Após alguns breves segundos de respiração intensa, Clarice recobrou o folego. Voltou a realidade. - “Eu… Eu não queria. A maquiagem era pro meu - Antes que pudesse terminar, seu rosto foi atingido por um tapa tão forte que a empurrou para trás. Queria pensar que teve sorte em não ter sido um soco. Custaria-lhe uns dentes. Mas ardia tanto e se sentia tão envergonhada, que tal pensamento não a confortava. - Pro seu o que? Pro seu cafetão?! - A pegou pelo braço e começou a arrasta-la pela sala, em direção ao quarto. Esbravejava xingamentos de todos os tipos, amaldiçoava. Clarice por sua vez, rendida, aos prantos e quebrada, não tinha mais forças para lutar. - “Me diz, onde você quer chegar com isso? Porque você não faz nada? Eu simplesmente… eu não entendo. Porque? - Chorava copiosamente. A medida que era arrastada para o quarto, era como se fosse arrastada para o próprio inferno. Clarice tinha noção dos terrores que a aguardavam. Perda da auto-estima, perda da dignidade, perderia saúde, perderia um pouquinho da sanidade, perderia um pedacinho a mais da Clarice. Dia após dia. - “Não seja tola menina. A pessoa não se importa. Ninguém se importa com você ou com seu destino. Sua vida é simplesmente uma história digna de pena, de lamentos. Digna de alguns minutos de atenção. Mas a pagina não vira, pelo contrário. Um ponto final será dado. E nos dias seguintes, assim como nos anteriores, você estará novamente completamente sozinha. Eu rezo por você, minha menina. Rezo para que um dia você me faça companhia. Como o anjo que é. Eu sempre admirei o seu espírito de guerreira. De luta, de quem não se rende. De quem não se curva. Você é mais forte do que eu jamais fui. E eu sabia que isso seria a sua perdição.
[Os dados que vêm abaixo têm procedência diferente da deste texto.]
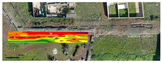 Area 1: georeferenced depth slice (depth of 0.87–1.25 m) over the drone orthophoto, with indication of the anomaly referable to the buried Messapian city walls (named W) and other anomalies probably referable to structures related to the buried walls (named S). The elongated high resistivity anomaly, designated by colors from red to purple (W) and indicated by the black dashed line, aligns with a section of visible city walls (external curtain) in the adjacent area.
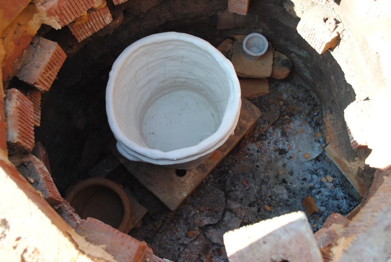 Unfortunately, the dome did not survive the firing. It is likely to have failed because no fuel was added after the three-hour mark. This meant the cooling of the kiln could start and the slow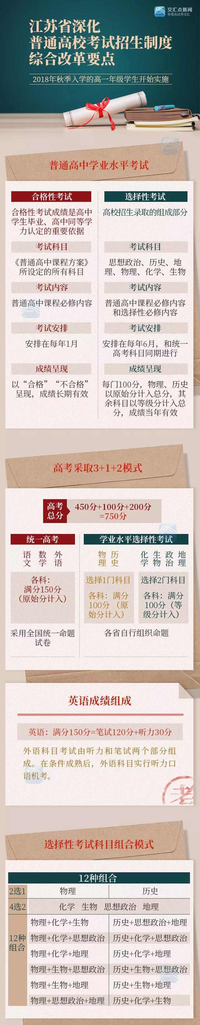 江苏高考方案:采用“3+1+2”模式 480分变成750分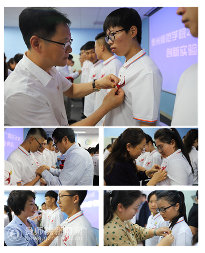为实验班新生佩戴校徽及班徽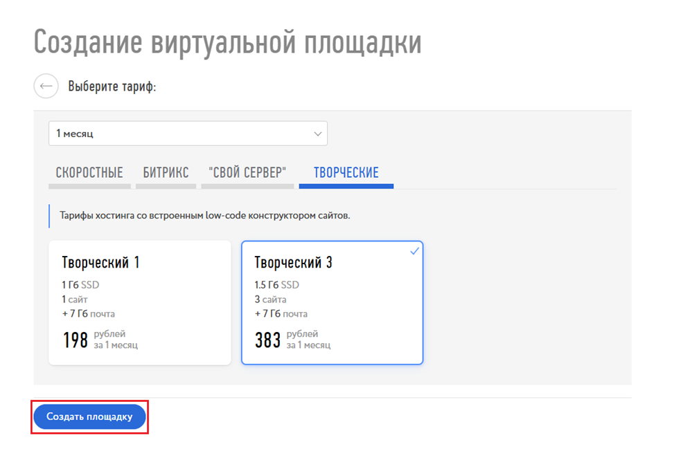 Затем выберите период, группу тарифов «Творческие» и сам тариф. Для заказа выбранной услуги нажмите «Создать площадку».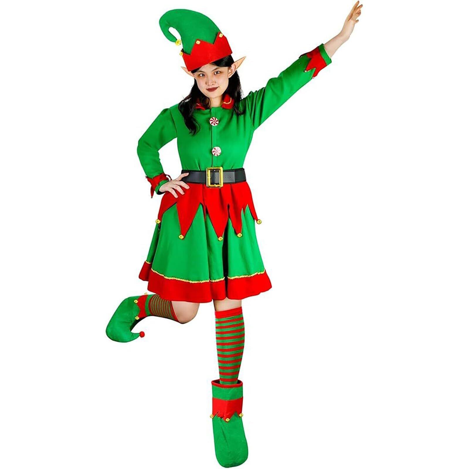 [JZYBHL] サンタ コスプレ レディース 大きいサイズ 可愛い クリスマス 衣装 ワンピース トナカイ 長袖 サンタコス 冬 緑 もこもこ 暖かい 仮装 コスチューム 帽子 文化祭 パーティー イベント おしゃれ サンタクロース 女性 かわいい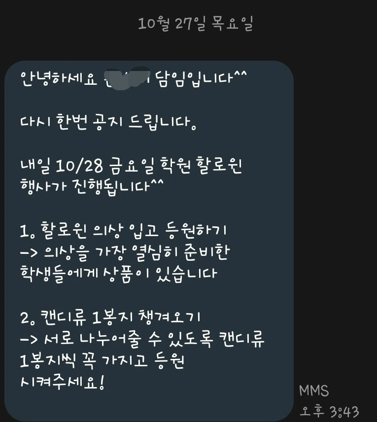 학원에서 공지사항으로 핼러윈 행사 준비를 해달라는 메시지가 왔습니다. 솔직히 이게 중요한 공지사항인가 싶지만 일단은 아이들과 이 주제로 대화를 나눠봅니다.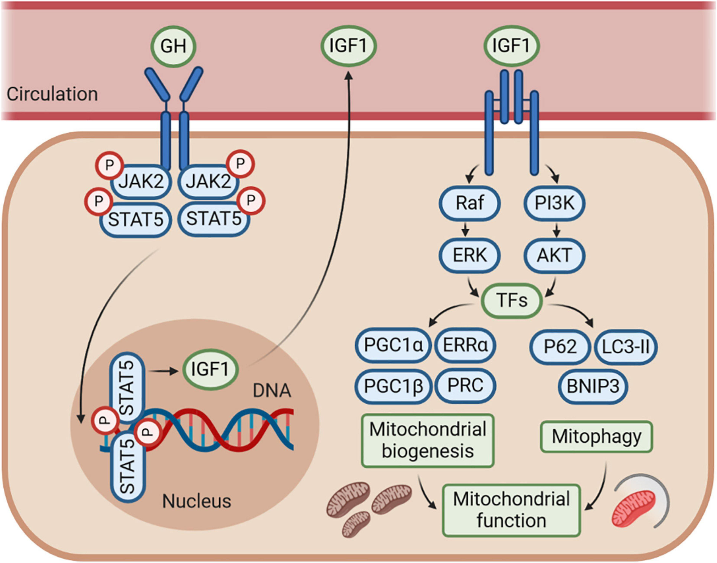 Figure 3. The GH–GHR–IGF1 axis may control mitochondrial function by regulating mitochondrial biogenesis and mitophagy. The effects of GH–GHR–IGF1 axis on mitochondrial function may be mostly mediated by IGF1, which stimulates several signaling pathways, including phosphoinositide-3-kinase (PI3K)/AKT and Ras/Raf/MAPK signaling, to further activate numerous transcription factors (TFs). This cascade leads to transcriptional activity of genes involved in both mitochondrial biogenesis and mitophagy. Accordingly, IGF1 is commonly considered to enhance mitochondrial function by promoting mitochondrial biogenesis and mitophagy under several conditions of metabolic or mitochondrial stress. However, whether there is an interaction between the mitochondrial biogenesis and mitophagy regulated by IGF1 is still unknown, and further research is needed.

Eu fiz o que pude, tentei te educar, tentei fazer com que entende-se que esse mundo não foi feito para a gente. Mas você lutou, você resistiu. E eu me orgulho de você por issso. Ao mesmo tempo, que choro. Choro por saber que sua doçura, sua esperança, sua inocência, é a sua perdição. Você estará sozinha agora, meu anjo. Mas não perca a fé em você. O mundo não se importa com as vitimas. No mundo dos homens, apenas Clarice poderá salvar Clarice.” - Assim que ele terminou de arrasta-la para dentro do quarto, a porta bateu, se trancando em seguida. A partir de agora, Clarice estará novamente só.